Assertion Of Right To Counsel

Fifth Amendment pre-charge right to counsel

Miranda creates a right to counsel triggered by an arrestee’s unequivocal and unambiguous post-warning request for counsel. In other words, you have a right to a lawyer if you ask for one after being given Miranda warnings. Once you assert the right to counsel, the interrogation must cease, and you may not be approached for further interrogation until counsel is present. If the police subsequently initiate an encounter in the absence of counsel, your statements are presumed involuntary and inadmissible as substantive evidence at trial. The Fifth Amendment right to counsel (unlike the Sixth Amendment right) is not offense specific. This means that your request for counsel bars questioning by different officers investigating an offense other than the one for which you were arrested, even though the new officers do not know that you requested counsel. Once you ask for a lawyer, the police cannot approach you about any offense without counsel being present.

Asserting the Fifth Amendment right to counsel

Most courts have held that the Miranda right to counsel applies and the police must honor its invocation only when an individual is in custody and under interrogation. Further, the U.S. Supreme Court has held that an attorney’s statement that he represents the arrestee does not trigger the right to counsel protections. Therefore, it is a good idea to keep your attorney’s business card handy. When you are in custody, repeat to the officers “I do not want to answer any questions. I want my lawyer. Here’s his card.”

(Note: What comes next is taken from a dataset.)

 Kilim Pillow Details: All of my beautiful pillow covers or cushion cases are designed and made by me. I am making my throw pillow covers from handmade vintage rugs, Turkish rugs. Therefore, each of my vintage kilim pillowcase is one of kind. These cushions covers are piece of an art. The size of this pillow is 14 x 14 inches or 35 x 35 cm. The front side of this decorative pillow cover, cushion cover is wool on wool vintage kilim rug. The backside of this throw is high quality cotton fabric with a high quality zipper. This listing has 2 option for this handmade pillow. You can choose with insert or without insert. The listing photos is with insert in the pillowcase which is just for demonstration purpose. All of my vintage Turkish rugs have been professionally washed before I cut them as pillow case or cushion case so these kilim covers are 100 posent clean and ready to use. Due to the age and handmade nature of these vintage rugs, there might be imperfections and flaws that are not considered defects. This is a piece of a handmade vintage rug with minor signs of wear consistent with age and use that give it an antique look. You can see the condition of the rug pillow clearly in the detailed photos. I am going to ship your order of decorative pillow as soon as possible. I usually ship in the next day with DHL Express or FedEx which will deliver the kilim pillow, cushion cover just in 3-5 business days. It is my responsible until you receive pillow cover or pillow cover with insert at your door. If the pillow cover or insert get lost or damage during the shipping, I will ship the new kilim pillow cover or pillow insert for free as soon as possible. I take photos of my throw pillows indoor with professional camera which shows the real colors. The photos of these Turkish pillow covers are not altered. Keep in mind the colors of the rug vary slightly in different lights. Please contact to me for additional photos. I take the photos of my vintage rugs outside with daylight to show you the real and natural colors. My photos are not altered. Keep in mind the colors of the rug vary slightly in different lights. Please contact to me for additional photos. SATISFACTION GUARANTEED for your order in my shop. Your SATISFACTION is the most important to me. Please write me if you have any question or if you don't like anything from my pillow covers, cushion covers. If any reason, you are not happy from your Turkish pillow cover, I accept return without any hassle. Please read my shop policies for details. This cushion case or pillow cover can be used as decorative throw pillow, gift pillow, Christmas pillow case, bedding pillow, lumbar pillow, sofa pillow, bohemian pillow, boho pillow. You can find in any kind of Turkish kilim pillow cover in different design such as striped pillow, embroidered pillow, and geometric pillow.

Sixth Amendment post-charge right to counsel

The Sixth Amendment right to counsel attaches with the initiation of adversary proceedings. It applies only to the crime with which you are charged, and the police are free to question you about other charges, even factually related ones, so long as the charges do not constitute the same offense under double jeopardy. Once it attaches, the Sixth Amendment right to counsel prohibits the government from deliberately eliciting any statement unless counsel is present or you have waived the right to counsel. The prosecution cannot use any statement elicited in violation of the Sixth Amendment right to counsel in its direct case, but it can cross-examine you on the statement. The prohibition extends to non-custodial questioning and forbids the eliciting of statements in circumstances that might fall short of interrogation under the Miranda standard. Thus the Sixth Amendment right forbids the use of undercover informants to elicit statements from you while you are free on bond. But the informant can testify to your incriminating statements if the informant acts only as a “listening post” and makes no attempt to elicit statements about the charged offense.

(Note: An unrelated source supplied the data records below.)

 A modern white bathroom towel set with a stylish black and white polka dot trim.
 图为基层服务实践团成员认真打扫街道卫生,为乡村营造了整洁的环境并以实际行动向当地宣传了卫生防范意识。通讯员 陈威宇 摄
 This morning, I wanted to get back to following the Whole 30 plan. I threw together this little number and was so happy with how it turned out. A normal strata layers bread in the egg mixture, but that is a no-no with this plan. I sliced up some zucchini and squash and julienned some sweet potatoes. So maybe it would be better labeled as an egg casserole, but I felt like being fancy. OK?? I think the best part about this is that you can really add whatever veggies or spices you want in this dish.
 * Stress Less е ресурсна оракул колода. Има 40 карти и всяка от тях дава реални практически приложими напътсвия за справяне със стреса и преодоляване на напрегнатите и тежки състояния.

Waiver of right to counsel

According to a U.S. Supreme Court case decided in 2009, the Miranda warnings sufficiently apprise a charged defendant of his Fifth and Sixth Amendment right to counsel. Once warned, a defendant, even one who is represented, can waive the right on his or her own and speak to the police. Before this case was decided, a defendant’s request for counsel at an initial appearance triggered a Sixth Amendment right to the assistance of counsel at any questioning, and the defendant could not waive this right unless his or her lawyer was present. Now, the appointment of counsel or a defendant’s request for counsel in connection with formal proceedings does not prevent the authorities from approaching and questioning a defendant. This ruling means you must consistently invoke your right to counsel if questioned because the only invocation the courts consistently recognize must come from a defendant’s lips. When the police attempt to question you, say “I don’t want to talk about it. I want my lawyer present.”

State and ethical right to counsel rules

Some courts have fashioned a broader right to counsel from state law and the rules of professional conduct. Unfortunately, most courts have rejected expansion of the right to counsel, aside from the limited Miranda right to counsel, to the stage before adversary proceedings commence. As a practical matter, however, an experienced criminal attorney will notify the police and prosecutor that he or she represents a client who is under investigation. A representation letter to the prosecutor may deter the prosecutor from having the police or informants communicate with the client as most prosecutors will be hesitant to risk ethical sanctions.